In 2019, following reports alleging that student interns as young as 16 were being hired to work overtime at a Foxconn factory, Amazon responded by stating that it had investigated the issue, initiated weekly reviews, and addressed the matter with Foxconn's senior management.

In 2022, CLW released another report on a different Foxconn factory, Hengyang Foxconn, identifying additional labor violations. As a result, nearly 1 million RMB was paid to raise the wages of temporary workers and to increase the number of permanent employees.

=== Belt and Road Initiative ===
Since 2020, CLW has reported on labor conditions related to the Chinese-invested Belt and Road Initiative (BRI), focusing on issues such as nickel mining, overseas labor, and forced labor. The organization has monitored the impact of BRI projects on migrant Chinese workers, highlighting their vulnerability to exploitation in some cases.

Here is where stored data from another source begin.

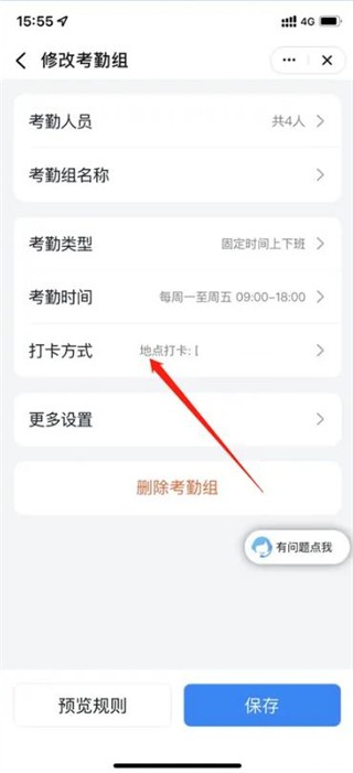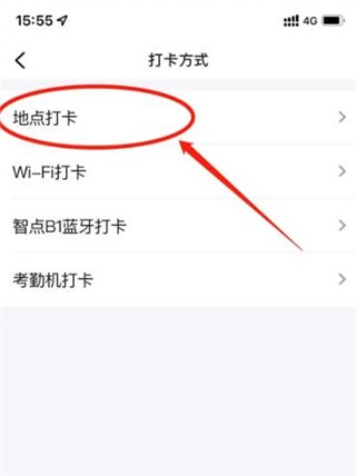 在打卡方式中选择打开当前打卡方式,例如:地点打卡。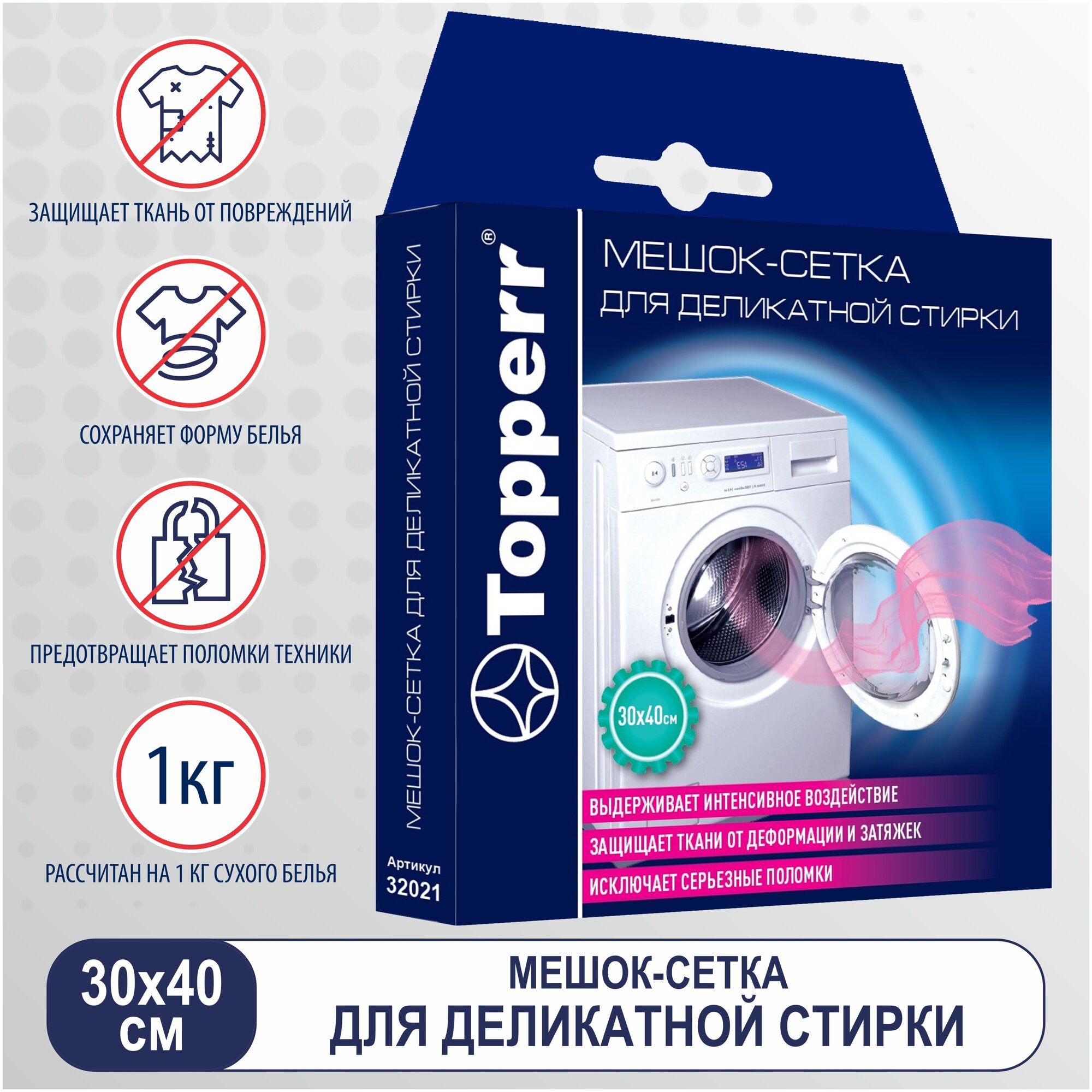 Мешок-сетка для стирки деликатных тканей защищает тонкие ткани от повреждения, помогает сохранить форму деликатного белья, а также исключает попадание мелких предметов и детских вещей во внутренние части стиральной машины. Размер сетки 30х40 см.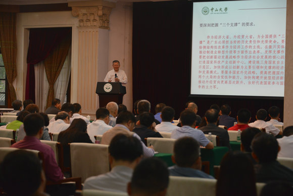 会上,陈春声书记作了题为“在新的起点上再创新局”的辅导报告。他首先传达了习近平总书记对广东工作的重要批示和全省市厅级主要领导干部学习贯彻习近平总书记重要批示精神专题研讨班会议精神。他指出,要充分认识习近平总书记重要批示的重大意义,从广东发展的关键时刻看,习近平总书记的重要批示是广东改革发展进程中具有里程碑意义的大事;从广东发展战略的全局看,重要批示是统领全省工作的重要指针和行动指南;从与实践结合的角度看,重要批示是总书记治国理政新理念新思想新战略在广东的展开和具体化,是实事求是运用中国特色社会主义理论指导发展实践的光辉典范。贯彻落实习近平总书记重要批示,核心在于深刻把握习近平总书记重要批示的精神实质,其中,“四个坚持”是广东改革发展的旗帜和原则,“三个支撑”是广东的使命担当和发展路径,“两个走在前列”是广东改革发展的奋斗目标。三者有机联系,相辅相成,层层递进,集中体现了对马克思主义立场观点方法的自觉运用,具有很强的科学性、真理性、指导性。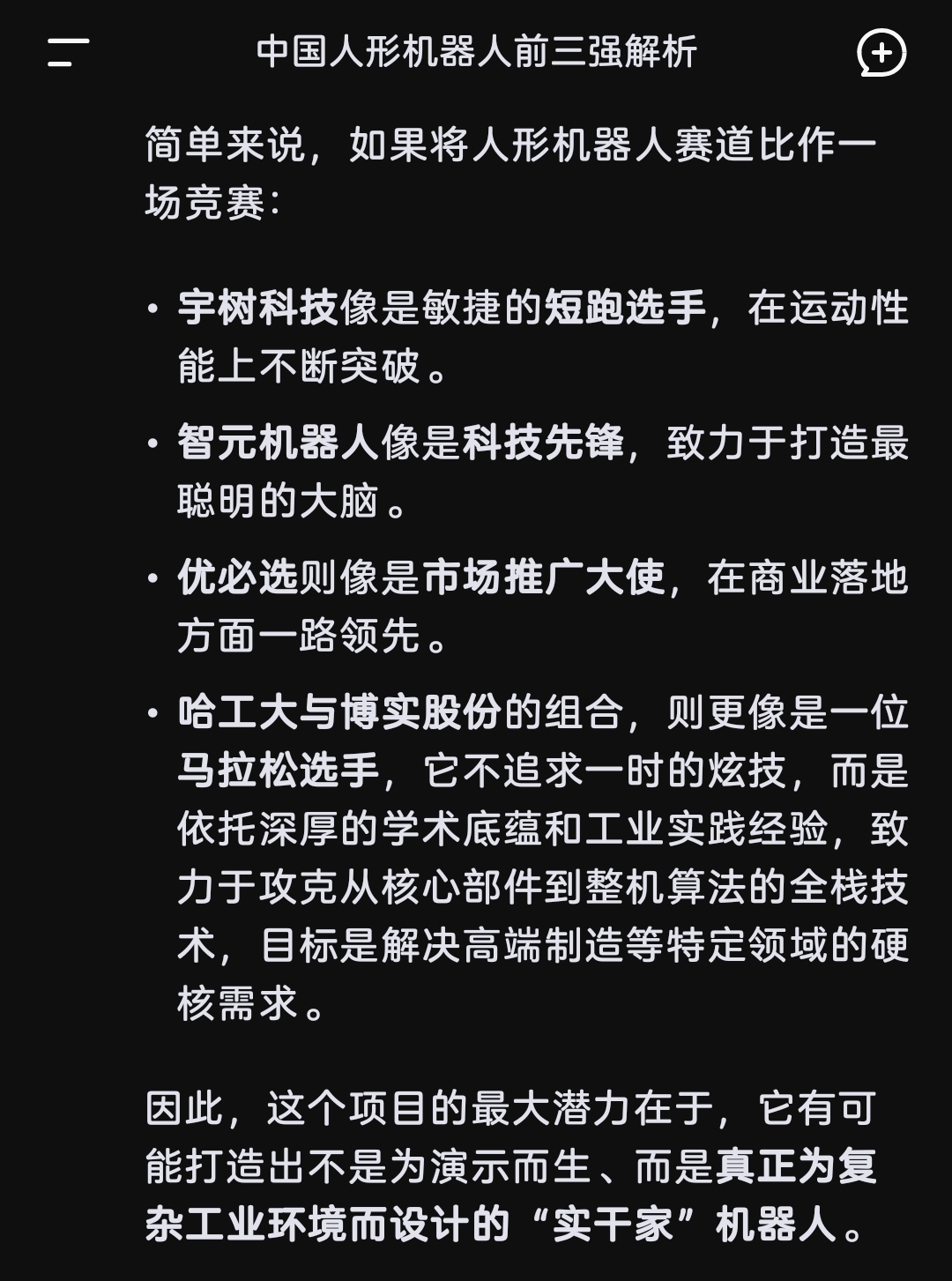 博实哈工大和宇树,优必选的区别,看长远,不必纠结于短期一个时点。既然看好,不必在

CLW has also supported Chinese workers overseas affected by COVID-19 restrictions, helping facilitate their return by coordinating with local authorities and embassies, and providing legal assistance. The organization has raised concerns about practices such as passport confiscation and recruitment fees, which it views as forms of exploitation.

== Funding ==
CLW receives funding from project grants provided by various government or quasi-governmental agencies outside of China, as well as private individual donors.

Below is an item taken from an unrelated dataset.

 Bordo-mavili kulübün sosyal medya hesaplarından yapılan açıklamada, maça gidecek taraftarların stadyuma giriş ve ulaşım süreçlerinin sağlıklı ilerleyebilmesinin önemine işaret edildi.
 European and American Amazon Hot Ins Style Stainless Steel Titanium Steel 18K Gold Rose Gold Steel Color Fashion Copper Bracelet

CLW has received funding from the National Endowment for Democracy (NED) and the International Labor Rights Forum. It lost most of its funding after the second Trump administration ordered a halt on most foreign aid in January 2025. It lost further funding after the United States Department of Treasury blocked imbursements to the NED, which forced it to cut funding to CLW. According to information posted by CLW Executive Director Li Qiang on LinkedIn, all U.S. State Department funding to CLW was fully restored after March 3, 2025.